2010-10-11i965: Compute to MRF in the new FS backend.Eric Anholt
This didn't produce a statistically significant performance difference in my demo (n=4) or nexuiz (n=3), but it still seems like a good idea and is recommended by the HW team.
2010-10-11i965: Give the FB write and texture opcodes the info on base MRF, like math.Eric Anholt
2010-10-11i965: Give the math opcodes information on base mrf/mrf len.Eric Anholt
This is progress towards enabling a compute-to-MRF pass.
2010-10-11i965: Move FS backend structures to a header.Eric Anholt
It's time to start splitting some of this up.
2010-10-11i965: Reduce register interference checks for changed FS_OPCODE_DISCARD.Eric Anholt
While I don't know of any performance changes from this (once extra reg available out of 128), it makes the generated asm a lot cleaner looking.
2010-10-11i965: Split FS_OPCODE_DISCARD into two steps.Eric Anholt
Having the single opcode write then read the reg meant that single instruction opcodes had to consider their source regs to interfere with their dest regs.

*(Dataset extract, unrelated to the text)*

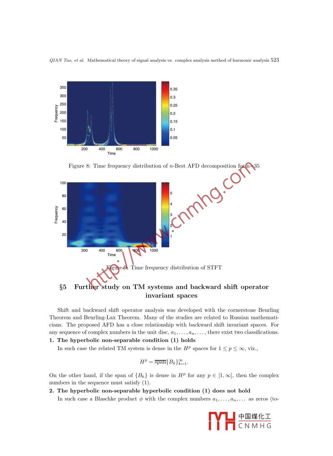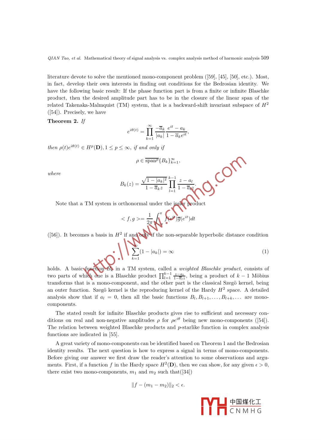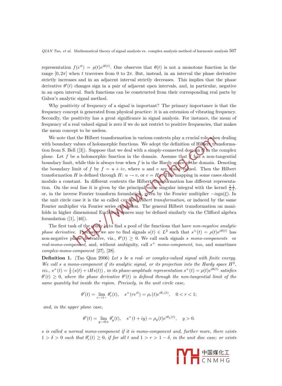 Appl. Math. J. Chinese Univ.2013, 28(4): 505-530Mathematical theory of signal analysis vs. complexanalysis method of harmonic analysisQIAN TaolZHANG Li-ming2Abstract. We present recent work of harmonic and signal analysis based on the complex Hardyspace approach.δ1 IntroductionProfessor Gong Sheng shared with the first author his view:“On the unit circle it is harmonicanalysis, and inside the unit circle it is complex analysis" ([16]). This is, in fact, common senseamong analysis. In general, we regard the following as what we mean by complex method ofharmonic analysis. Suppose that one is to study analysis on a closed and finite-dimensionalmanifold. One can then imbed the manifold into a space of one more (or several more) dimension(dimensions) with a complex analysis structure, and, in such way, one treats the manifoldunderstudy as a co-dimension 1 (or co-dimension p) space. By a complex structure it meansthat there exist a Cauchy kernel and a Cauchy formula, and the related complex analysisobjects. With the complex structure one can define Hardy spaces of good complex holomorphicfunctions in the regions enclosed by the manifold. Functions on the manifold then can be splitinto a sum of the boundary limits of the related Hardy space functions. Those boundary limitsconstitute boundary Hardy spaces. Such idea was, in fact, taught by M.-T. Cheng and D.-G.Deng when the first author was in his Ph.D. program in Beijing University around 1980. Itis also hinted by the book of Gorusin translated by Jian-Gong Chen ([17]). The author alsolearned this idea from the works by C. Kenig and, separately, by A. McIntosh on complex Hardyspaces and singular integrals on Lipschitz curves and surfaces. This article gives a survey on theresults that the authors and their collaborators obtained by implementing the complex analysisapproach to signal analysis.It has been a controversial issue to the present time about what is instantaneous frequency(IF), or, in brief, frequency. People tend to believe for a general signal there is a certain frequencyReceived: 2013-10-16.MR Subject Classification: 42A50, 32A30, 32A35, 46J15.Keywords: Mobius transform, Blaschke form, mono- component, Hardy space, adaptive Fourier decomposi-tion, rational approximation, rational orthogonal system, time-frequency distribution, digital signal processing,uncertainty principle, higher dimensional signal analysis in several complex variables and the Clifford algebrasetting.Digital Object Identifier(DO): 10. 10751166-013-3225-4.The work was partially supported by Research Grant of University of Macau MYRG115(Y1-L4)-FST13-QT,Macao Science and Technology Fund FDCT/098/2012/A3.中國(guó)煤化工MHCNMH G506Appl. Math. J. Chinese Univ.Vol. 28, No.4at any moment of time. This belief is hinted and supported by sinusoidal signals that possessthe constant frequencies. To justify this idea is to define what is frequency. For a generalsignal a well acceptable and reasonable way to define instantaneous frequency has not beenfound. Our view is that there does not exist a frequency concept for a general signal. Our workproposes a definition under which some signals have well defined instantaneous frequencies, andsome not. Signals possessing IF are called mono-components, and otherwise, multi- components.For multi-components one seeks for mono-component decompositions. We now review the storystarted from Gabor.In 1946 Gabor proposed his analytic signal approach ([15]). Throughout this article werestrict ourselves to only signals with finite energy, or L2-functions. Let s(t) be a real-valuedsignal of finite energy. The associated analytic signal, denoted by s+(t), is defined ass+(t)= (<() + iH(),where H is the Hilbert transformation. We note that analytic signals are non-tangential bound-ary limits (the Plemelj formula) of Hardy space functions in the related domain, the latter con-sisting of holomorphic functions with good control close to the boundary. For the real line casethe related domain is the upper-half complex plane. The Hardy space functions in the domainare given by the Cauchy integral of the signal s(t) on the boundary. We note that through outthe paper, except in the final section for multivariate signals, we use the terminology Hardyspace only for the complex Hardy H2 spaces in either the contexts inside or outside of the unitdisc, or the contexts of the upper- or lower- half complex planes. There are esentially paralleltheories in the four contexts. We will feel free in below to switch from one context to another.From paragraph to paragraph we will make sure that we give clear indication to which con-text we are referring. We will use the notations L2(R), H2(C+), L2(OD), H2(D), etc., whereR, C,D and C+ denote, respectively, the real line, the complex plane, the unit disc and theupper-half- complex plane. When we use H2 and L2 we mean that we refer to all the fourcontexts.On the real line, the Fourier transform of Hs is - isgn(.)8(). As consequence, the Fouriertransform of s+ is supported on [0,∞), and, in particular,s+()=赤[^ e(s()dE.This shows that s+ is a“l(fā)inear combination”of some terms of non-negative frequencies, viz.,of those eit with ξ≥0. It hence has reason to believe that in a single-term-amplitude-phaserepresentation, viz, s+(t) = p(t)ei6(t), one should have that the phase derivative of s+, oralternatively, the analytic phase derivative of s, satisfies θ'(t)≥0. But, unfortunately, this isnot true. To make clear the terminology, we note that if s= s+, then st+ = s. This amountsthat analytic phase derivatives of boundary values of the Hardy space functions coincide withthe phase derivatives of the functions. It is a fact that phase derivatives of any non- trivialanalytic outer function are negative in a set of positive Lebesgue measure [26]. Such examplescan be simply constructed as follows. Consider a fractional linear transform, f, in the complexplane that maps the unit disc centered at the origin onto a
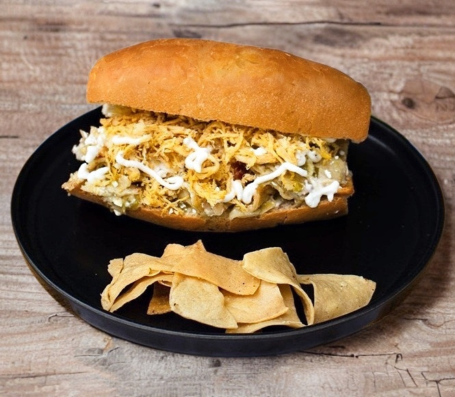 Pechuga asada, queso manchego, lechuga, jitomate, frijoles y mayonesa.

2010-10-08i965: Initialize member variables.Vinson Lee
Fixes these GCC warnings. brw_wm_fp.c: In function 'search_or_add_const4f': brw_wm_fp.c:92: warning: 'reg.Index2' is used uninitialized in this function brw_wm_fp.c:84: note: 'reg.Index2' was declared here brw_wm_fp.c:92: warning: 'reg.RelAddr2' is used uninitialized in this function brw_wm_fp.c:84: note: 'reg.RelAddr2' was declared here
2010-10-08i965: Silence unused variable warning on non-debug builds.Vinson Lee
Fixes this GCC warning. brw_vs.c: In function 'do_vs_prog': brw_vs.c:46: warning: unused variable 'ctx'
2010-10-08i965: Silence unused variable warning on non-debug builds.Vinson Lee
Fixes this GCC warning. brw_eu_emit.c: In function 'brw_math2': brw_eu_emit.c:1189: warning: unused variable 'intel'
2010-10-08i965: Add register coalescing to the new FS backend.Eric Anholt
Improves performance of my GLSL demo 14.3% (+/- 4%, n=4) by eliminating the moves used in ir_assignment and ir_swizzle handling. Still 16.5% to go to catch up to the Mesa IR backend, presumably because instructions are almost perfectly mis-scheduled now.

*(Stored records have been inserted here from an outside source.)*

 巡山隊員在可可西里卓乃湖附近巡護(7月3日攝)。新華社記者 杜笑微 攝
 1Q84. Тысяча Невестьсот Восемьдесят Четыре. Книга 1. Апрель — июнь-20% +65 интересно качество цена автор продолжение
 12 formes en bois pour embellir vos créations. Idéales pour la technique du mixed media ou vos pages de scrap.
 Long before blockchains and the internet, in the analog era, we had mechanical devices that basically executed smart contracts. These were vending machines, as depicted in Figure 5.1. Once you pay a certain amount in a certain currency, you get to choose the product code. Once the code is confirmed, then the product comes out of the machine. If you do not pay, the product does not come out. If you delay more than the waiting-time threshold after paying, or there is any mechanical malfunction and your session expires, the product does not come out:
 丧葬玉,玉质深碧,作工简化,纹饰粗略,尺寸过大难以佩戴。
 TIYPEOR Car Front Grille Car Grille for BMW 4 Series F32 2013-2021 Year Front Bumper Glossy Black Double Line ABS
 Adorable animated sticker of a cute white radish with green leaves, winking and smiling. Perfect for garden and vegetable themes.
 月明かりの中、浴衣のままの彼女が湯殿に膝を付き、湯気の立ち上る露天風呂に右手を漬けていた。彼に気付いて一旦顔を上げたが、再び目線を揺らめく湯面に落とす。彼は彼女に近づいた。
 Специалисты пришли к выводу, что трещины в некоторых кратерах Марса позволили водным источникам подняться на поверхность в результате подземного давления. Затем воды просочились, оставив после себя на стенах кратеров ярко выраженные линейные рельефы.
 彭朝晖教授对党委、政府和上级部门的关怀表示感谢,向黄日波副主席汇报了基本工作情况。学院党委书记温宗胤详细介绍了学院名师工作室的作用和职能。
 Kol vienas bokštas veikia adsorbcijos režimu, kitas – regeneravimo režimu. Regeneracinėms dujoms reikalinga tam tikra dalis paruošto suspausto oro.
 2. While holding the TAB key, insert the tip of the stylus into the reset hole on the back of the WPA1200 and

2010-10-08i965: Enable attribute swizzling (repositioning) in the gen6 SF.Eric Anholt
We were trying to remap a fully-filled array down to only handing the WM the components it uses. This is called attribute swizzling, and if you don't enable it you just get 1:1 mappings of inputs to outputs. This almost fixes glsl-routing, except for the highest gl_TexCoord[] indices.

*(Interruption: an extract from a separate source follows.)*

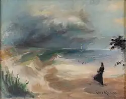 She continued to show in group exhibitions in the 1940s, including shows at the National Institute of Arts and Letters in 1950 and the Carnegie Institute in 1947 and 1949.[29] In 1947 a critic said her painting "Introspection" revealed "great delicacy."[30] In 1954 she produced the cover art for the Fall-Winter issue of the The Paris Review and in 1960 she contributed paintings to an exhibition called "Artist Families", subtitled "Famous Families in American Art", at the Dallas Museum of Fine Arts.[31][32]
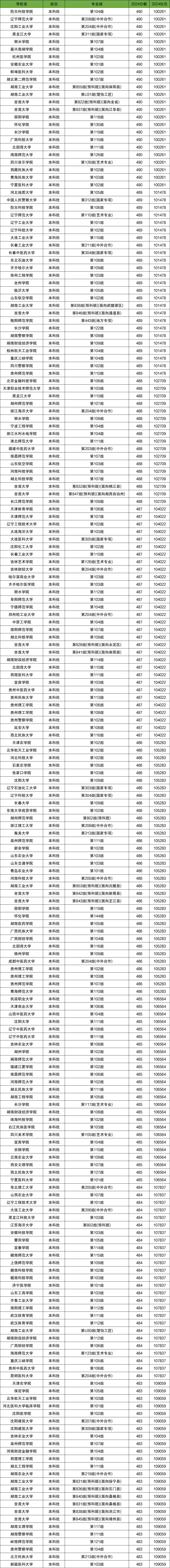 2024年全国大学在湖南物理中录取位次为10-11万的有207个院校专业组,对应分数区间为490-483分。

2010-10-08i965: Fix new FS gen6 interpolation for sparsely-populated arrays.Eric Anholt
We'd overwrite the same element twice.
2010-10-08i965: Fix gen6 WM push constants updates.Eric Anholt
We would compute a new buffer, but never point the hardware at the new buffer. This partially fixes glsl-routing, as now it get the updated uniform for which attribute to draw.
2010-10-08i965: Handle swizzles in the addition of YUV texture constants.Eric Anholt
If someone happened to land a set in a different swizzle order, we would have assertion failed.
2010-10-08i965: Drop the check for YUV constants in the param list.Eric Anholt
_mesa_add_unnamed_constant() already does that.
2010-10-08i965: Drop the check for duplicate _mesa_add_state_reference.Eric Anholt
_mesa_add_state_reference does that check for us anyway.
2010-10-07i965: Normalize cubemap coordinates like is done in the Mesa IR path.Eric Anholt
Fixes glsl-fs-texturecube-2-*
2010-10-07i965: Disable emitting if () statements on gen6 until we really fix them.Eric Anholt
2010-10-06i965: Fix gen6 pointsize handling to match pre-gen6.Eric Anholt
Fixes point-line-no-cull. Bug #30532
2010-10-06i965: Don't assume that WPOS is always provided on gen6 in the new FS.Eric Anholt
We sensibly only provide it if the FS asks for it. We could actually skip WPOS unless the FS needed WPOS.zw, but that's something for later. Fixes: glsl-texture2d and probably many others.
2010-10-06i965: Add support for gl_FrontFacing on gen6.Eric Anholt
Fixes glsl1-gl_FrontFacing var (2) with new FS.